What is needed:
The response should consist of the data below, copied exactly, with no pictures in it.

Information supplied:
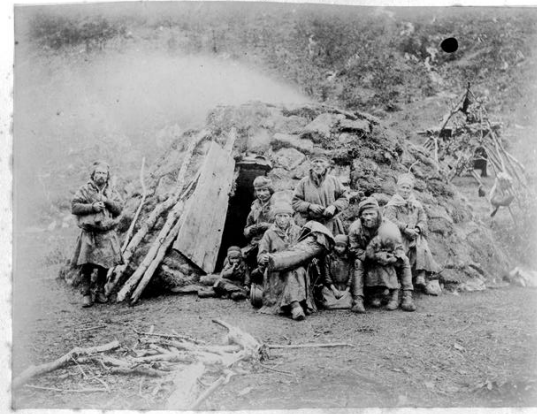
Habitation en Laponie.

trouvé par un corps expéditionnaire en 1862. Ces statuettes seraient donc mixtèques, datables des VIIe – IXe s. Delorme a-t-il fait partie de l'expédition ou a-t-il acheté ce lot à son arrivée en France ? L'homme est d'abord connu pour ses collections d'antiquités gallo-romaines, qu'il complétait très probablement de collections de comparaison provenant d'autres régions du monde.
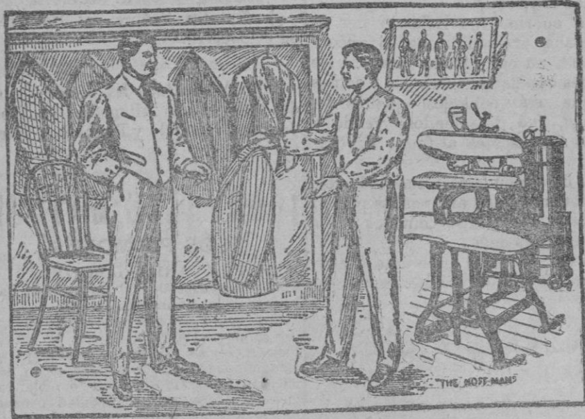
Nuestro establecimiento. — Planchando mientras V. se espera

Result of the task:
Habitation en Laponie.

trouvé par un corps expéditionnaire en 1862. Ces statuettes seraient donc mixtèques, datables des VIIe – IXe s. Delorme a-t-il fait partie de l'expédition ou a-t-il acheté ce lot à son arrivée en France ? L'homme est d'abord connu pour ses collections d'antiquités gallo-romaines, qu'il complétait très probablement de collections de comparaison provenant d'autres régions du monde.
Nuestro establecimiento. — Planchando mientras V. se espera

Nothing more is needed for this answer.